I realize this cookie recipe will be posted too late for most people to make it for this year's Superbowl, but as we all know, what's put on the Internet, stays on the Internet. So this will be around for plenty of future tailgating parties. :)
If you're like me and don't have a football-shaped cookie cutter, you can improvise by making a pattern for yourself. Just cut a piece of cardboard in the shape of a football. Cover it with aluminum foil so that it won't stick to the dough. When you're ready to cut out your footballs, place the pattern on the dough and cut around it.
I've made these cookies in three different sizes. The first time I made a pattern that was 3 1/2 inches long. The cookies were too big. The second time I used a 2-inch pattern; this was better, but it took a long time to cut out these bite-size cookies. The third size I tried was 2 1/2 inches. If I make these cookies again, I think I'd use the 2 1/2-inch size.
In case you're wondering, the flavor is a nice mix of chocolate and cinnamon--kind of reminds me of Mexican hot chocolate.
1 cup butter or margarine (2 sticks)
1 cup brown sugar
1 large egg
3/4 teaspoon cinnamon
2 1/2 cups flour
1/3 cup cocoa
1/2 teaspoon baking soda
1/2 teaspoon almond extract
1 or 2 batches of the Perfect Icing for Piping
In a small dish, microwave the butter for 30 seconds at 50% power to soften it.
In a mixer, cream together the softened butter and the brown sugar. Add the sugar and cinnamon. Beat until fluffy. On low speed, blend in the flour, cocoa, baking soda, and almond extract.
Split dough in half. Wrap each half in waxed paper and refrigerate for an hour.

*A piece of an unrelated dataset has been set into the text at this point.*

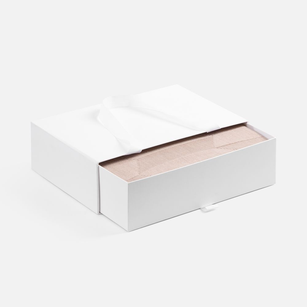 Внешний короб каширован дизайнерской бумаги, внутренний короб отделан белой бумагой, ламинированной матовой пленкой.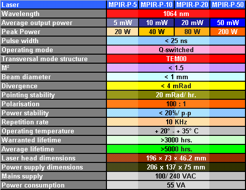 Pulsed-DPSS Laser MPIR-P-Series Specifications

Preheat oven to 350 degrees.
On surface dusted with flour, roll out dough to 1/8 inch. Cut out dough with cookie cuter and place on cookie sheet that has been greased or lined with parchment paper. Bake cookies at 350 degrees for 10-12 minutes. Remove from cookie sheet and cool on rack.
When cookies have cooled, make at least one batch of my Perfect Icing for Piping (click here for the recipe). If you like lots of filling in your filled cookies, make two batches.
Pipe the filling onto the backside of one cookie. Top with another cookie. Use a small tip to pipe laces onto the top cookie.